The protesters gathered at the Tsuklag Khang Buddhist temple in the
picturesque hill town, also known as 'Mini Lhasa' because of the
large population of Tibetans in the town, to protest against China.

Dressed in black with black bands tied over their eyes, the
protesters sang a patriotic song to motivate their fellow Tibetans.

The protesters also marched down the hilly roads of Dharamsala
chanting slogans like 'Free Tibet' and 'Long Live Dalai Lama'.

Some of the protesters also chained themselves symbolizing the
political prisoners languishing in jails in Lhasa, allegedly
suffering under Chinese brutality.

The protesters said, they were not against the Olympics but were
against the inhuman treatment meted out by the Chinese to people in Tibet.

"We are really concerned that a nation who is hosting the Olympics
has certain moral responsibility of having good standards of human
rights and freedom within its country, which China doesn't have. So
our concern is, that the nation which is holding such a big event
does not meet the requirement," said B. Tsering, President of Tibetan
Women Association.

Meanwhile in New Delhi, police forcibly took away the Tibetan exiles
to hospital, who were sitting on hunger strike for the past few days.

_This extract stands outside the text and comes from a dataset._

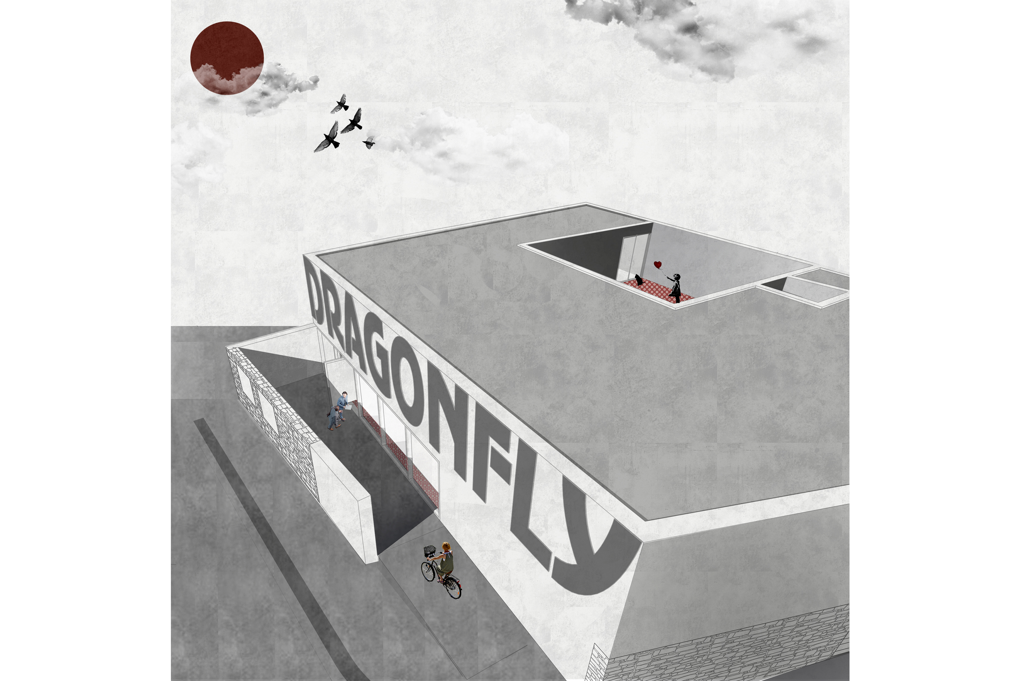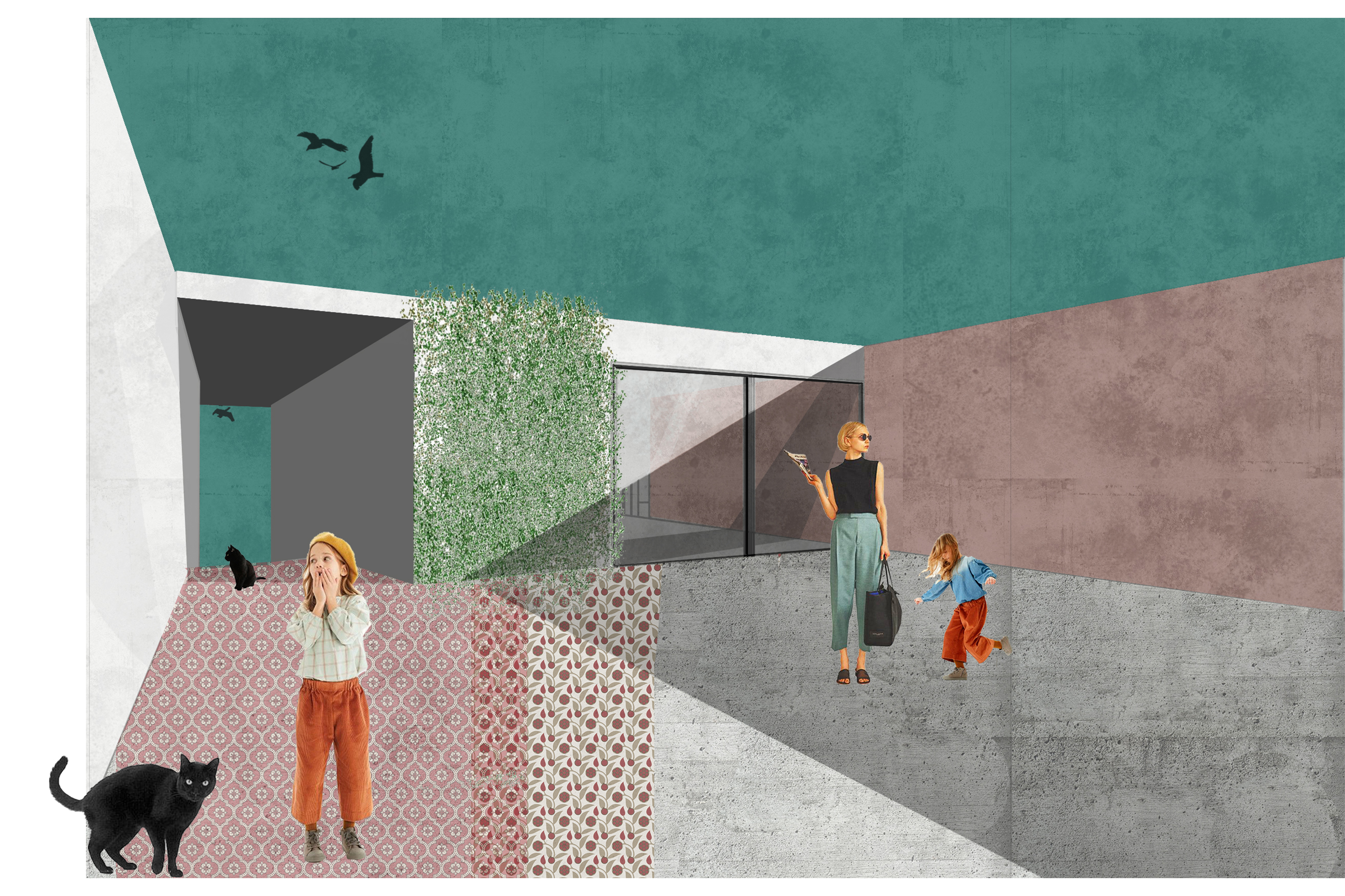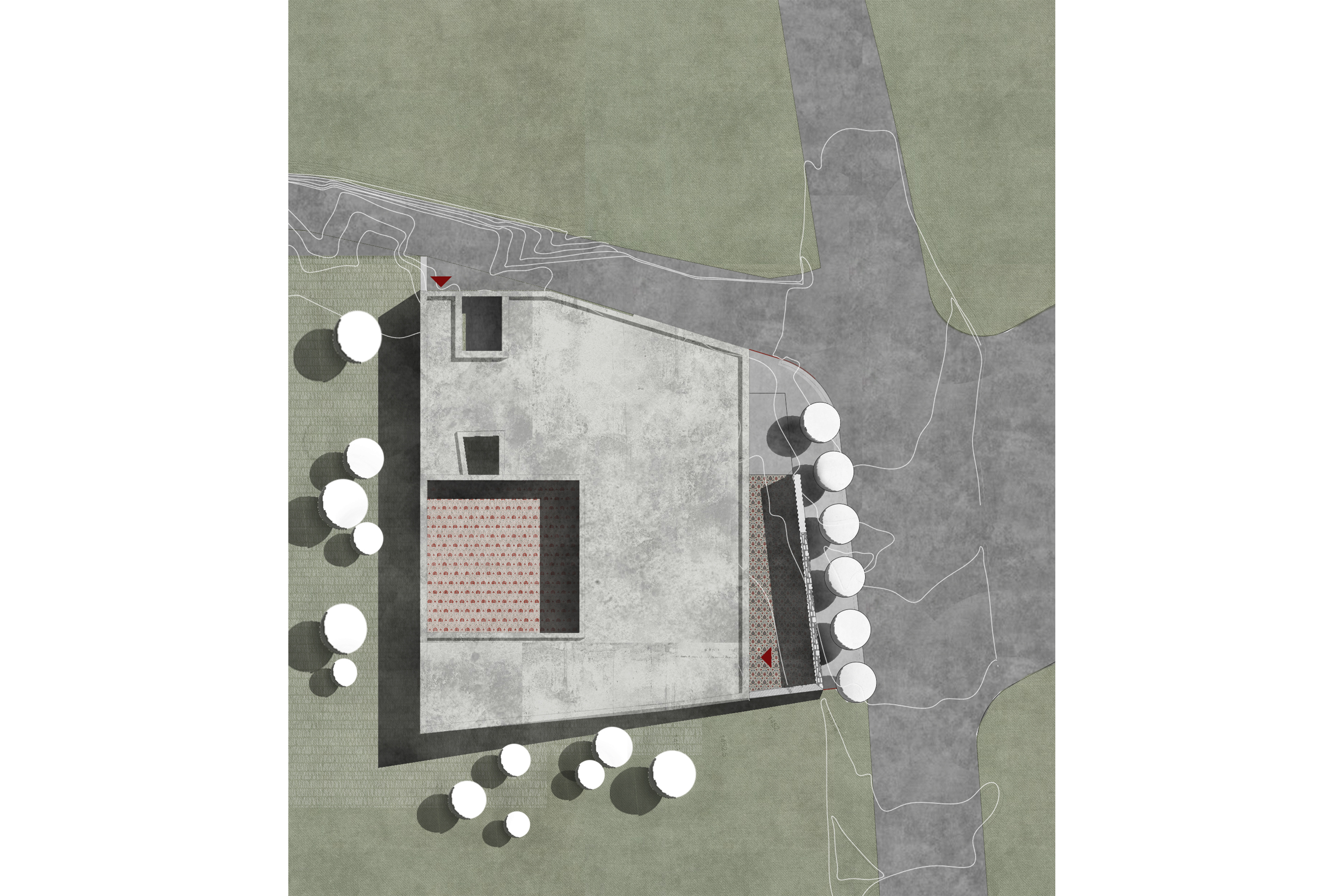 The roof of the hall at the back is exploitable, the cafe and the auditorium-hall open on it.
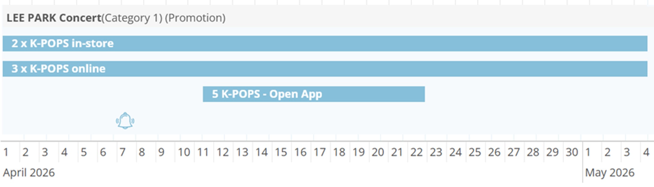 - 5 days after campaign start– Checkpoint – if there are tickets left, and for those who have earned 50% of required KPOPS, send communication that they are almost there

The protesters were on an indefinite hunger strike under the
'Indefinite fast for Tibet-without Food and Water' movement, to
attract the attention of the international community towards the Tibetan cause.

The police had to shift them forcibly for medical assistance as their
condition was deteriorating.

The police have also commissioned two policemen at the Tibetan camp
to keep a check on the hunger strikers.

"We have replaced the real hunger strikers with other six volunteers
and they took six wrong people. But, today police have planned and
have kept two policemen to watch the hunger strikers whether we are
replacing them or not," said Thunduk Dorje, Vice President, Tibetan
Youth Congress.

China has accused followers of the Dalai Lama, the exiled Tibetan
Buddhist leader, of stirring riots and protests in Tibetan region in
March in a bid to upstage Olympic preparations. The Dalai Lama has
denied the charge and said he does not oppose the Games.

The Dalai Lama has rejected accusations that he is behind the unrest
and has supported the Chinese right to host the Olympics.

But groups campaigning for Tibetan independence have said they will
use the Games to voice their demands and concerns over the alleged
Chinese atrocities in Tibet.

China has controlled Tibet since People's Liberation Army troops
marched into the region in 1950 and Beijing considers Tibet as an
integral part of its territory.

Critics accuse China of repressing Tibetans' religious aspirations,
especially their veneration for the Dalai Lama, the exiled spiritual
leader who won the Nobel Peace Prize in 1989.